→ **What needs to be done**: Take the material below and extract the lines from the one with "Jason (Steve Burton)" through the one with "高級百合シミュレーション花ネ", word for word, without pictures.
BEGIN Provided data
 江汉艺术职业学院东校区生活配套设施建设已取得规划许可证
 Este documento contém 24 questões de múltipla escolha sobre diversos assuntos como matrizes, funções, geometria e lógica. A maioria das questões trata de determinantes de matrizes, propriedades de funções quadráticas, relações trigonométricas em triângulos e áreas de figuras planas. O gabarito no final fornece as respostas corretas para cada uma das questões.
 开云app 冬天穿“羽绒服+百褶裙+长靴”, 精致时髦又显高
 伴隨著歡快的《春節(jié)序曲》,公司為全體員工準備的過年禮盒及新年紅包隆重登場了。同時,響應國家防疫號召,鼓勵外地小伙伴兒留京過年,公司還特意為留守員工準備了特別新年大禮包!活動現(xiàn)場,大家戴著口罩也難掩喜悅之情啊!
END Provided data
BEGIN Provided data
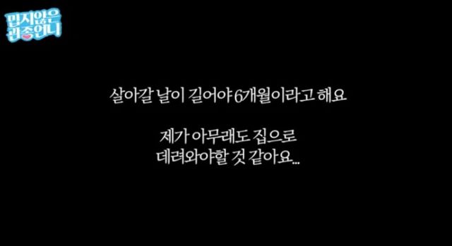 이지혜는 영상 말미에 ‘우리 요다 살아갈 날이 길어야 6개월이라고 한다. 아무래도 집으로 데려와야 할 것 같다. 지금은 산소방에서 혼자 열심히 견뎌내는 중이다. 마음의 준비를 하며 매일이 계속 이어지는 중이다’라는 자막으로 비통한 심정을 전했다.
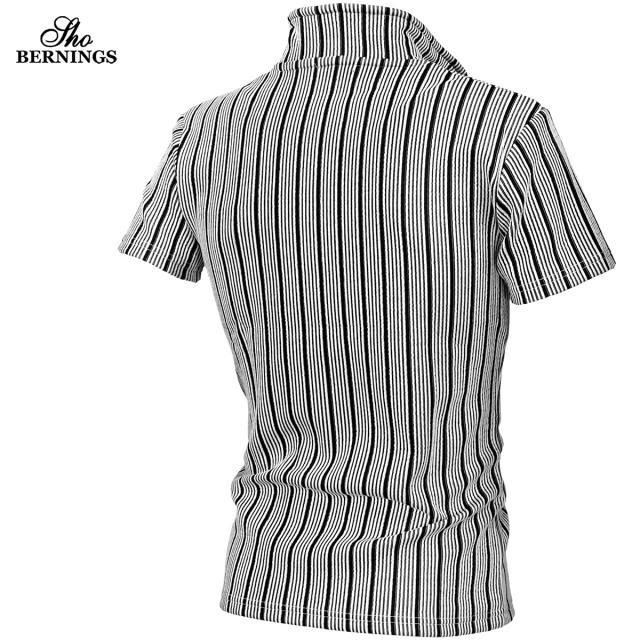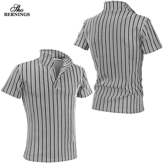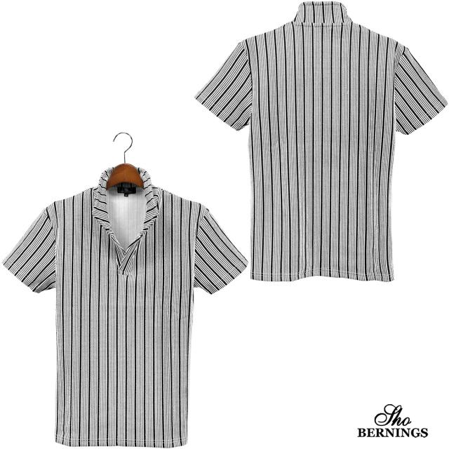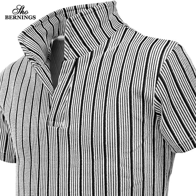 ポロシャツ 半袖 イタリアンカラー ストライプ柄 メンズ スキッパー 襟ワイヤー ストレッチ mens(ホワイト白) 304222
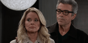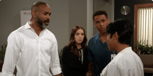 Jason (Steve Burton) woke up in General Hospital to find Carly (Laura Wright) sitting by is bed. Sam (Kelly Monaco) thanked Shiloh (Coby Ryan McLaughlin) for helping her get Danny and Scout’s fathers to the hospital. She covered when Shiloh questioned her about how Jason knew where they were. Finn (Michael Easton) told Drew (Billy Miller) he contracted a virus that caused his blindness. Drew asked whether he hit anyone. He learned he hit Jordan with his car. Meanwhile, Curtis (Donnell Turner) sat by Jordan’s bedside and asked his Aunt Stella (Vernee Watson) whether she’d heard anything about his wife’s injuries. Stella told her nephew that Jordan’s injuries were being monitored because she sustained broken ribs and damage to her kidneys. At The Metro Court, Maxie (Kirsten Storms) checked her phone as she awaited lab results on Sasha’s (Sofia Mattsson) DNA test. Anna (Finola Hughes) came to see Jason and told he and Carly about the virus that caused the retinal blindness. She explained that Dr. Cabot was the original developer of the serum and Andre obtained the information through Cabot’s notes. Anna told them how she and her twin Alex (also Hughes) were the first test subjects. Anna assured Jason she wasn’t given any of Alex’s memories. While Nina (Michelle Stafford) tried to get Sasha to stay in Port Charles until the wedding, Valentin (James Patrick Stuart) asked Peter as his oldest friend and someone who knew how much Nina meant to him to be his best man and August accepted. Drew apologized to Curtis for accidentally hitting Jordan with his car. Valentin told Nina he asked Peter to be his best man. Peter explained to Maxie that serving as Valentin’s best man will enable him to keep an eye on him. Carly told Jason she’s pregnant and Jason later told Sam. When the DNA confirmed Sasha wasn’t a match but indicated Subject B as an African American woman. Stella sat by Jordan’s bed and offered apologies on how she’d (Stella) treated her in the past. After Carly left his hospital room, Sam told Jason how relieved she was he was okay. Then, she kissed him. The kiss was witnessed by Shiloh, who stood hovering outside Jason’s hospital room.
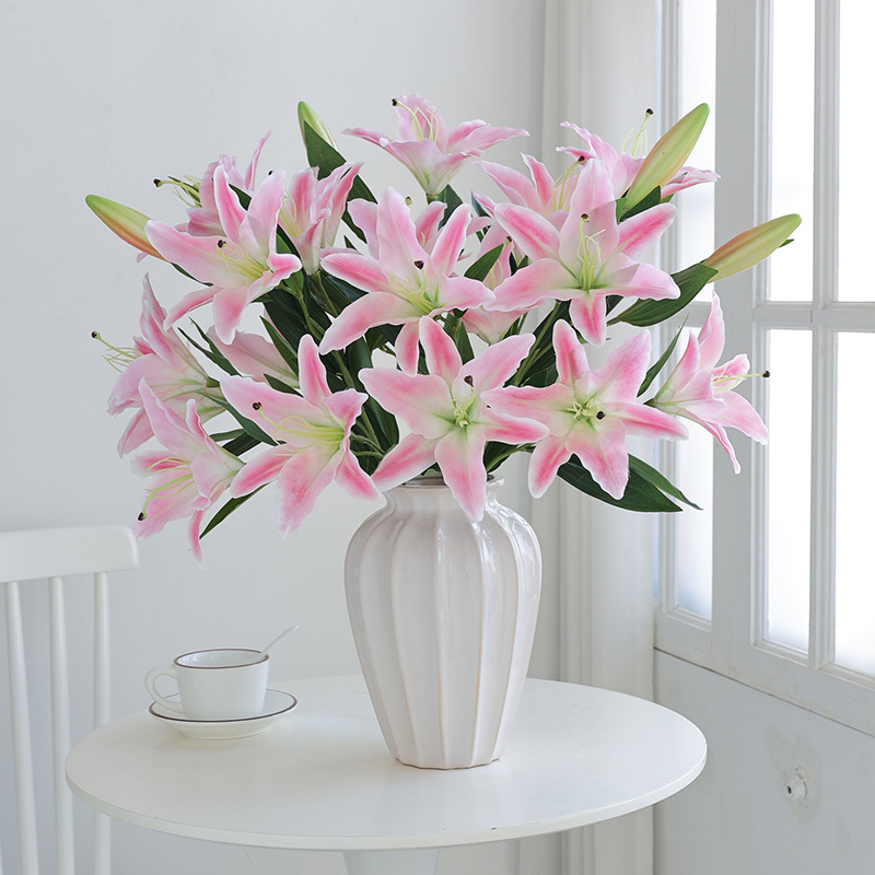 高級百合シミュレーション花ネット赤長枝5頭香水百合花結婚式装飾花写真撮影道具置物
END Provided data
→ **Problem solution**:
 Jason (Steve Burton) woke up in General Hospital to find Carly (Laura Wright) sitting by is bed. Sam (Kelly Monaco) thanked Shiloh (Coby Ryan McLaughlin) for helping her get Danny and Scout’s fathers to the hospital. She covered when Shiloh questioned her about how Jason knew where they were. Finn (Michael Easton) told Drew (Billy Miller) he contracted a virus that caused his blindness. Drew asked whether he hit anyone. He learned he hit Jordan with his car. Meanwhile, Curtis (Donnell Turner) sat by Jordan’s bedside and asked his Aunt Stella (Vernee Watson) whether she’d heard anything about his wife’s injuries. Stella told her nephew that Jordan’s injuries were being monitored because she sustained broken ribs and damage to her kidneys. At The Metro Court, Maxie (Kirsten Storms) checked her phone as she awaited lab results on Sasha’s (Sofia Mattsson) DNA test. Anna (Finola Hughes) came to see Jason and told he and Carly about the virus that caused the retinal blindness. She explained that Dr. Cabot was the original developer of the serum and Andre obtained the information through Cabot’s notes. Anna told them how she and her twin Alex (also Hughes) were the first test subjects. Anna assured Jason she wasn’t given any of Alex’s memories. While Nina (Michelle Stafford) tried to get Sasha to stay in Port Charles until the wedding, Valentin (James Patrick Stuart) asked Peter as his oldest friend and someone who knew how much Nina meant to him to be his best man and August accepted. Drew apologized to Curtis for accidentally hitting Jordan with his car. Valentin told Nina he asked Peter to be his best man. Peter explained to Maxie that serving as Valentin’s best man will enable him to keep an eye on him. Carly told Jason she’s pregnant and Jason later told Sam. When the DNA confirmed Sasha wasn’t a match but indicated Subject B as an African American woman. Stella sat by Jordan’s bed and offered apologies on how she’d (Stella) treated her in the past. After Carly left his hospital room, Sam told Jason how relieved she was he was okay. Then, she kissed him. The kiss was witnessed by Shiloh, who stood hovering outside Jason’s hospital room.
 高級百合シミュレーション花ネット赤長枝5頭香水百合花結婚式装飾花写真撮影道具置物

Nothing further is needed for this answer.